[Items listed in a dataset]
***

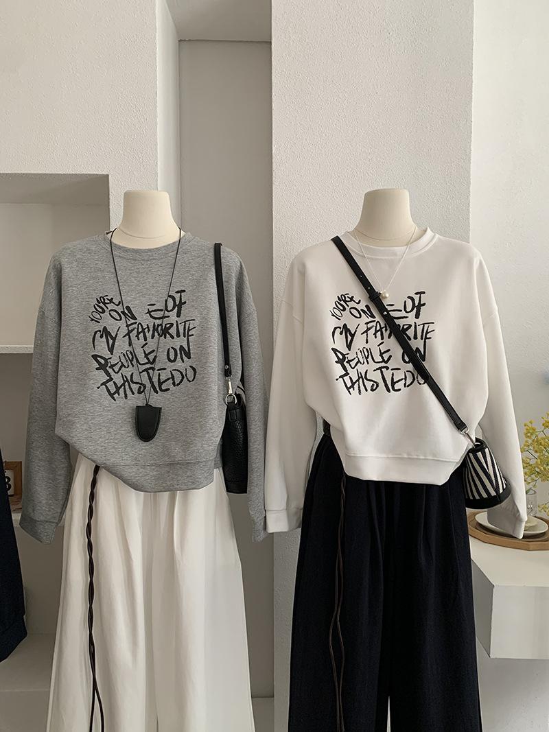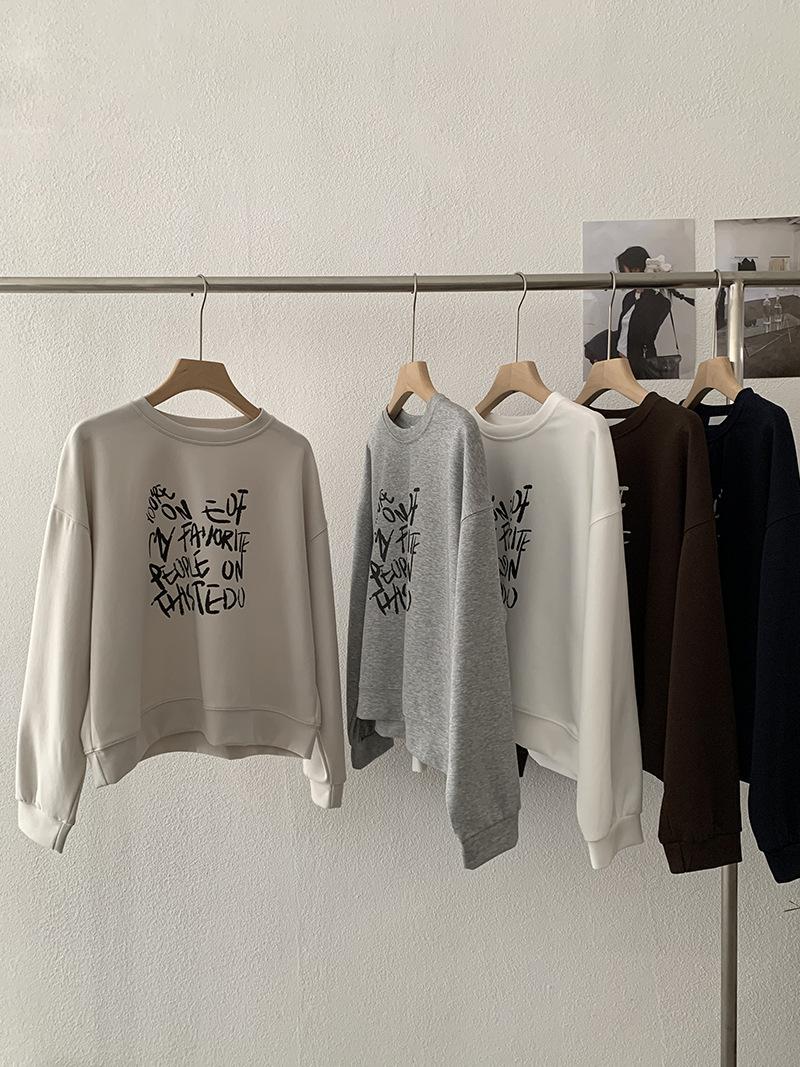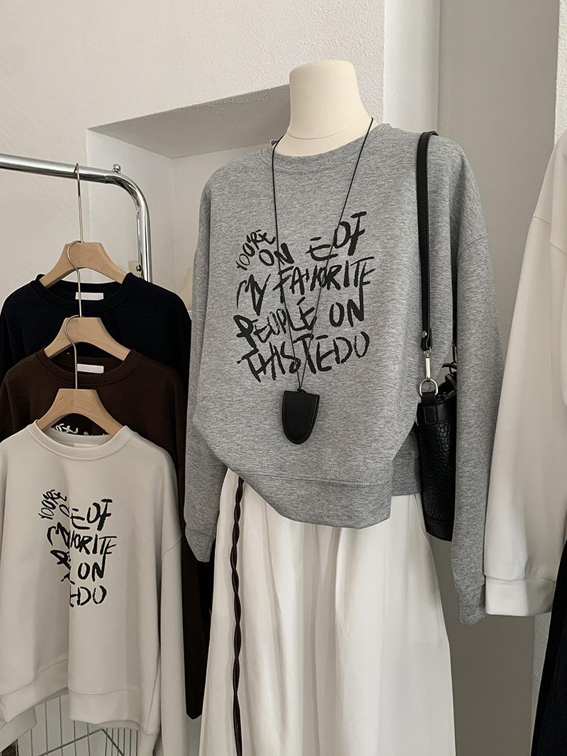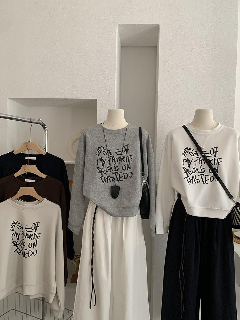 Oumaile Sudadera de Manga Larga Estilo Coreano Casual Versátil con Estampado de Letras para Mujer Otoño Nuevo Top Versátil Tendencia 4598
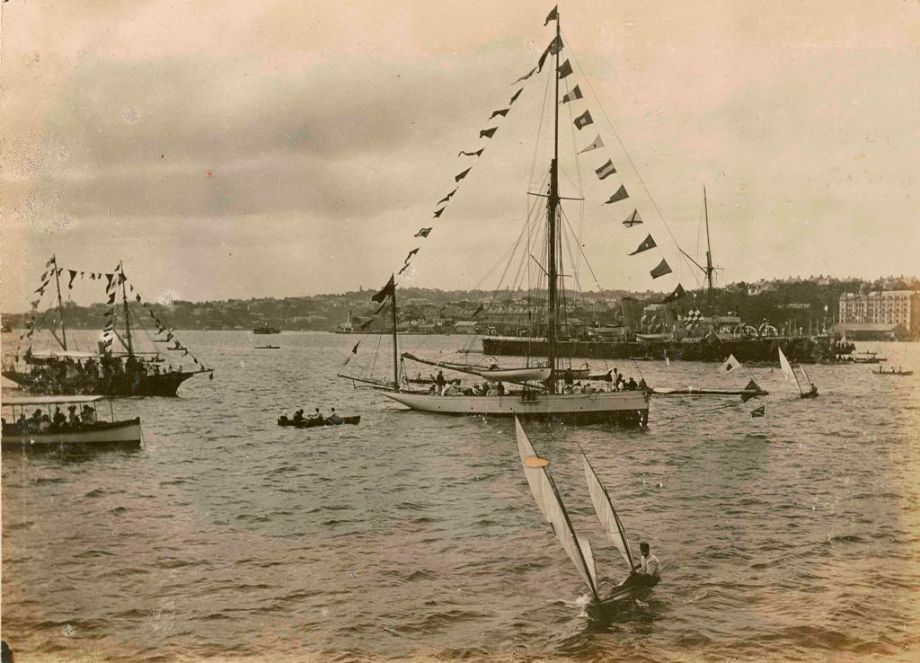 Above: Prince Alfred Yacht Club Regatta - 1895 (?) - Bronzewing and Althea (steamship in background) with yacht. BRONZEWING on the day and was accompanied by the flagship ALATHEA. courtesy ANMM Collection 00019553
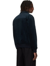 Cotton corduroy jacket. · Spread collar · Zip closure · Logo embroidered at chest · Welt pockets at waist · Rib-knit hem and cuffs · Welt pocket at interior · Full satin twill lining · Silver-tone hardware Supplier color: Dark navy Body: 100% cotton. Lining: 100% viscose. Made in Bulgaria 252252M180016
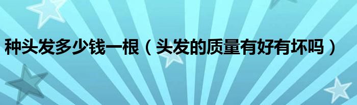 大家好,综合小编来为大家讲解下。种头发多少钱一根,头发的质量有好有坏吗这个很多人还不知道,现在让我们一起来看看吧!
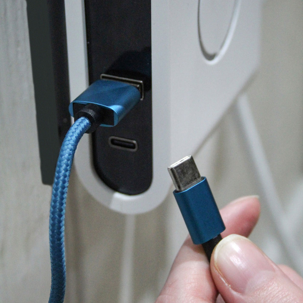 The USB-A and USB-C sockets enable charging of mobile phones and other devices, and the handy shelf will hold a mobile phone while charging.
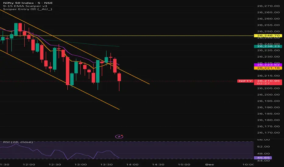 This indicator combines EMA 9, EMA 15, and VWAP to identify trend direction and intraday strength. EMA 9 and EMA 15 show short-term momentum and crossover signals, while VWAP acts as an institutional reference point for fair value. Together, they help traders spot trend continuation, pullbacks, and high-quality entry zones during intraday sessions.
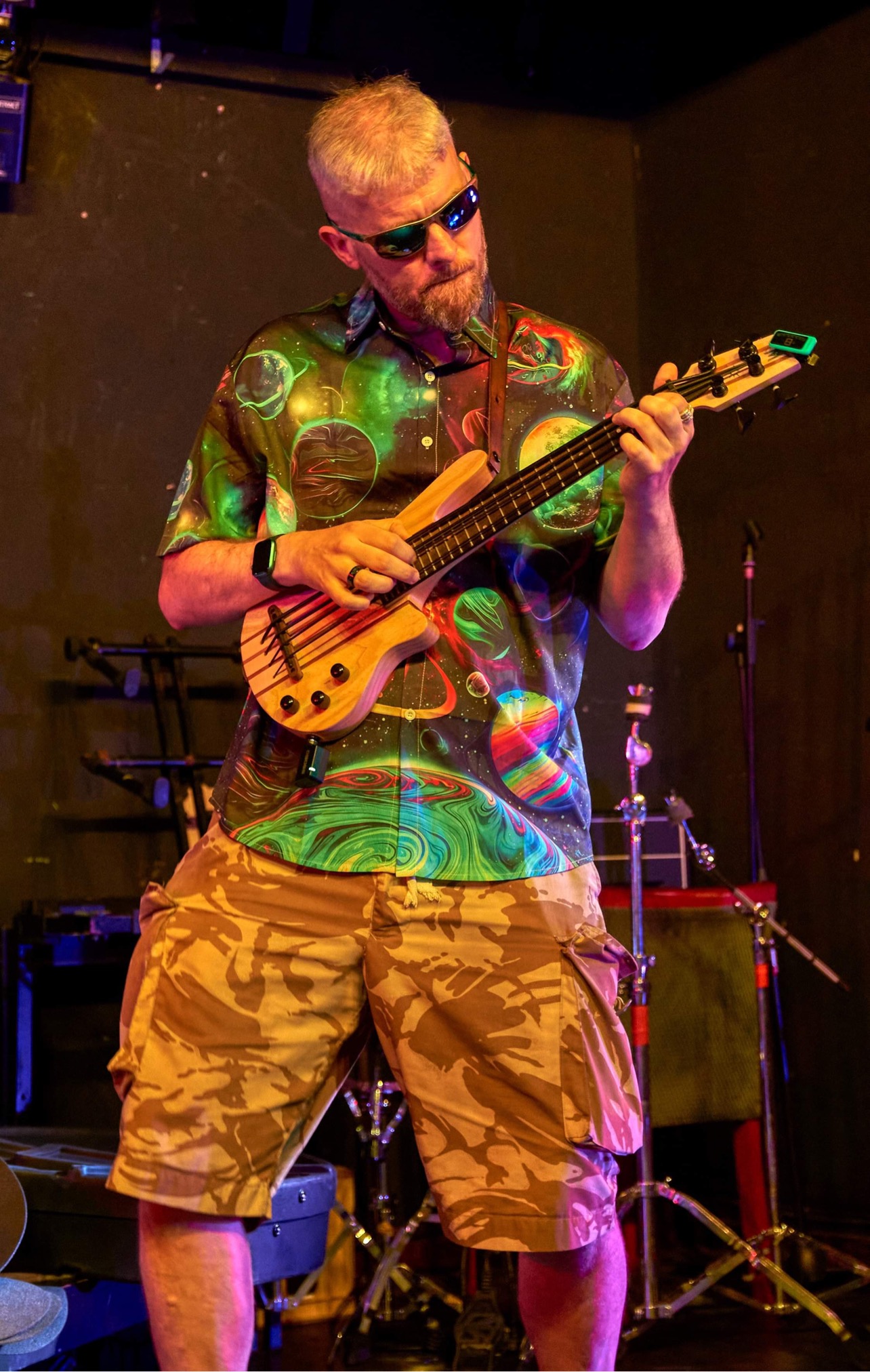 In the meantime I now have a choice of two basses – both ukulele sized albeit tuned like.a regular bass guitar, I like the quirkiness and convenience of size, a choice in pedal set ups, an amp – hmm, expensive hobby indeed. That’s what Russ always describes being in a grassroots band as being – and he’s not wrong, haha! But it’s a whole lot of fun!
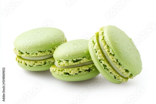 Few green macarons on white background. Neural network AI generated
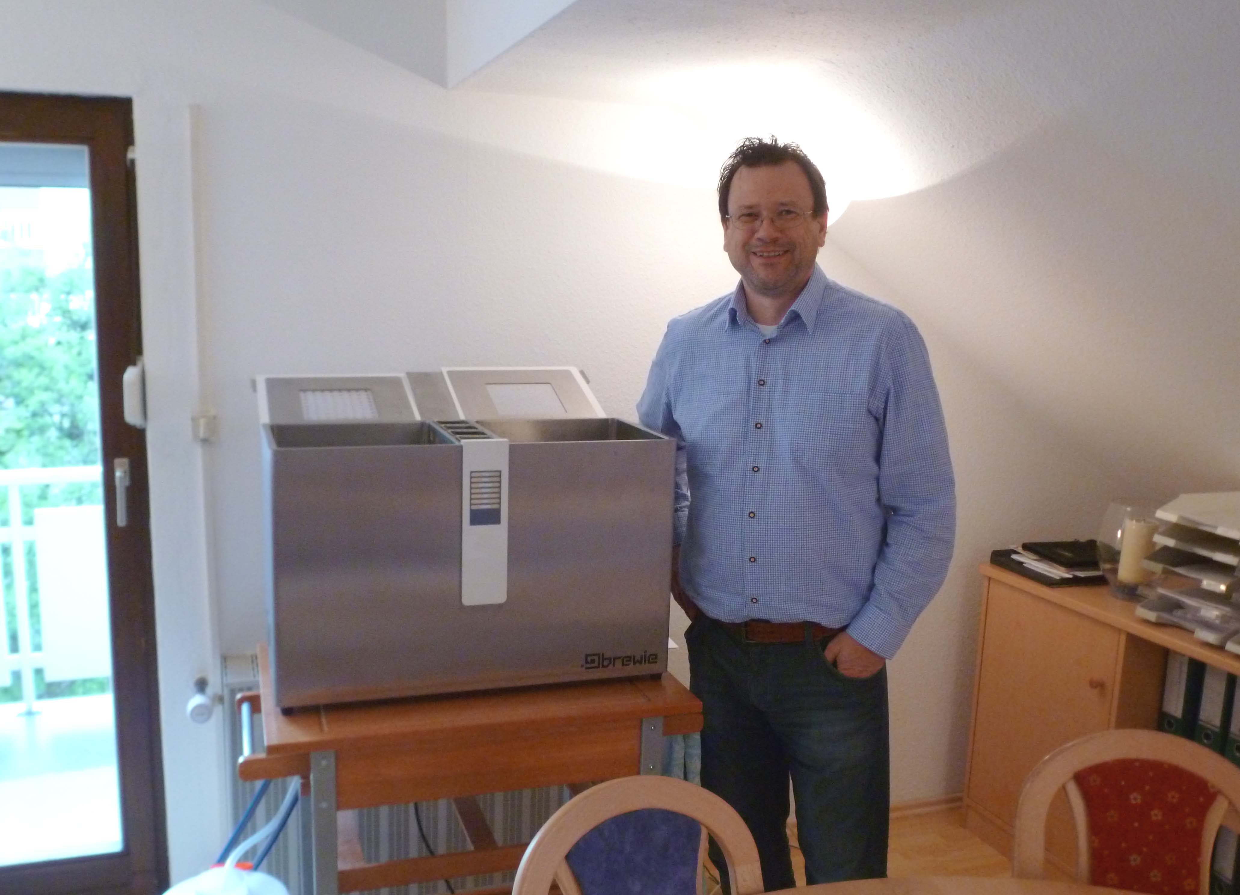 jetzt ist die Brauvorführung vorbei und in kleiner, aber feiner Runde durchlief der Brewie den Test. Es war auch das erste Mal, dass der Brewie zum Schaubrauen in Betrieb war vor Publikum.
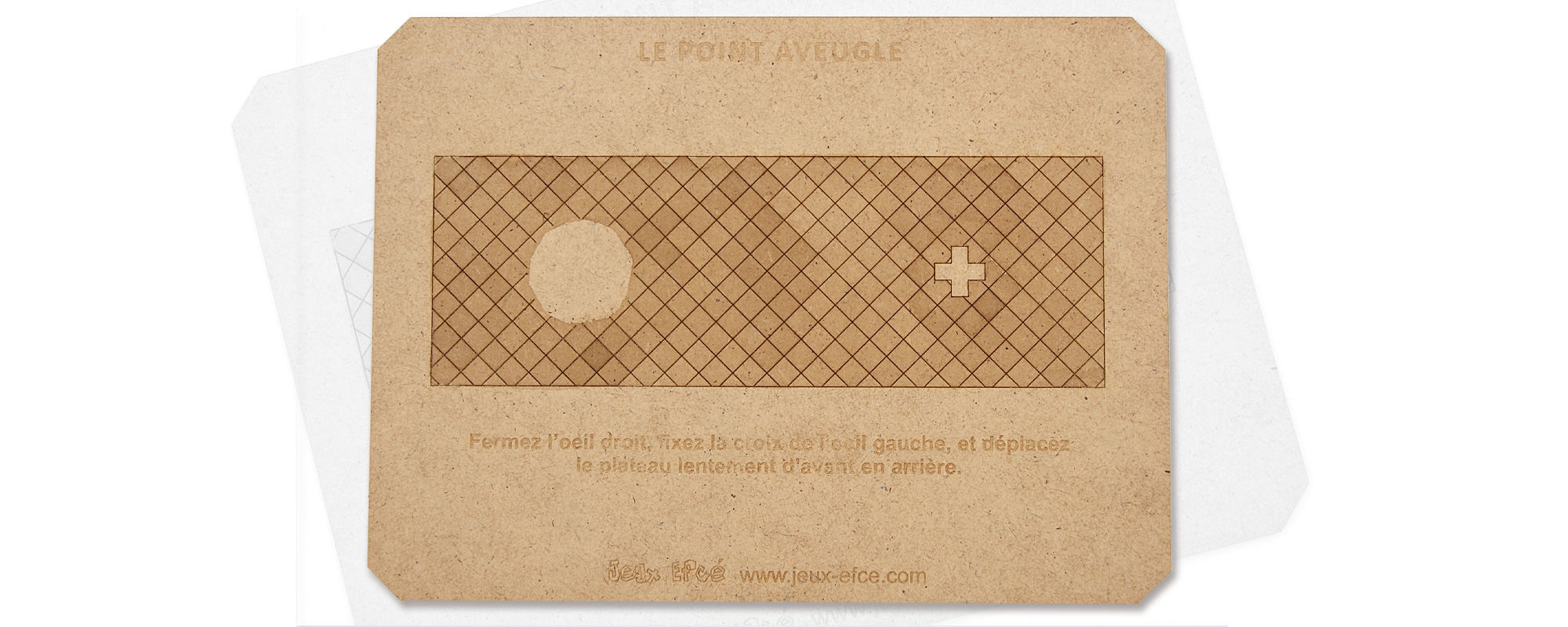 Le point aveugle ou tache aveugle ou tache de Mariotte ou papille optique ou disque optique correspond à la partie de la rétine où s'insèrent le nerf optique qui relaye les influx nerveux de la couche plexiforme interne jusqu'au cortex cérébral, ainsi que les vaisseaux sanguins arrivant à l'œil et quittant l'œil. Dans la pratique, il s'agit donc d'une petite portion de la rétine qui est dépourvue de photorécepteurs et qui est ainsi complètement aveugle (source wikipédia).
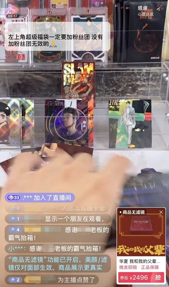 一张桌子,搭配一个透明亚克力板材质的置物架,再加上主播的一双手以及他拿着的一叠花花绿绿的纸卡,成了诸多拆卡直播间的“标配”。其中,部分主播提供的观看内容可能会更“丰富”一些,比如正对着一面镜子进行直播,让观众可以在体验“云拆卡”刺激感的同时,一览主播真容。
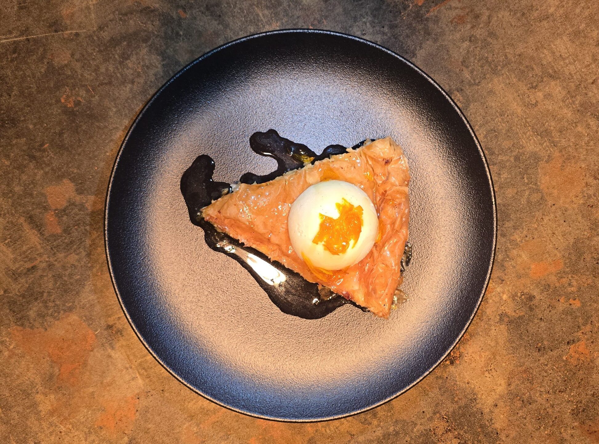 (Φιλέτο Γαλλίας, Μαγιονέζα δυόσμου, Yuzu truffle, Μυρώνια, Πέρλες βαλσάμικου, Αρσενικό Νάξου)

***

**ACTIVITY:** With the pictures omitted, reproduce the data above exactly.

**YOUR SOLUTION:**
 Oumaile Sudadera de Manga Larga Estilo Coreano Casual Versátil con Estampado de Letras para Mujer Otoño Nuevo Top Versátil Tendencia 4598
 Above: Prince Alfred Yacht Club Regatta - 1895 (?) - Bronzewing and Althea (steamship in background) with yacht. BRONZEWING on the day and was accompanied by the flagship ALATHEA. courtesy ANMM Collection 00019553
 Cotton corduroy jacket. · Spread collar · Zip closure · Logo embroidered at chest · Welt pockets at waist · Rib-knit hem and cuffs · Welt pocket at interior · Full satin twill lining · Silver-tone hardware Supplier color: Dark navy Body: 100% cotton. Lining: 100% viscose. Made in Bulgaria 252252M180016
 大家好,综合小编来为大家讲解下。种头发多少钱一根,头发的质量有好有坏吗这个很多人还不知道,现在让我们一起来看看吧!
 The USB-A and USB-C sockets enable charging of mobile phones and other devices, and the handy shelf will hold a mobile phone while charging.
 This indicator combines EMA 9, EMA 15, and VWAP to identify trend direction and intraday strength. EMA 9 and EMA 15 show short-term momentum and crossover signals, while VWAP acts as an institutional reference point for fair value. Together, they help traders spot trend continuation, pullbacks, and high-quality entry zones during intraday sessions.
 In the meantime I now have a choice of two basses – both ukulele sized albeit tuned like.a regular bass guitar, I like the quirkiness and convenience of size, a choice in pedal set ups, an amp – hmm, expensive hobby indeed. That’s what Russ always describes being in a grassroots band as being – and he’s not wrong, haha! But it’s a whole lot of fun!
 Few green macarons on white background. Neural network AI generated
 jetzt ist die Brauvorführung vorbei und in kleiner, aber feiner Runde durchlief der Brewie den Test. Es war auch das erste Mal, dass der Brewie zum Schaubrauen in Betrieb war vor Publikum.
 Le point aveugle ou tache aveugle ou tache de Mariotte ou papille optique ou disque optique correspond à la partie de la rétine où s'insèrent le nerf optique qui relaye les influx nerveux de la couche plexiforme interne jusqu'au cortex cérébral, ainsi que les vaisseaux sanguins arrivant à l'œil et quittant l'œil. Dans la pratique, il s'agit donc d'une petite portion de la rétine qui est dépourvue de photorécepteurs et qui est ainsi complètement aveugle (source wikipédia).
 一张桌子,搭配一个透明亚克力板材质的置物架,再加上主播的一双手以及他拿着的一叠花花绿绿的纸卡,成了诸多拆卡直播间的“标配”。其中,部分主播提供的观看内容可能会更“丰富”一些,比如正对着一面镜子进行直播,让观众可以在体验“云拆卡”刺激感的同时,一览主播真容。
 (Φιλέτο Γαλλίας, Μαγιονέζα δυόσμου, Yuzu truffle, Μυρώνια, Πέρλες βαλσάμικου, Αρσενικό Νάξου)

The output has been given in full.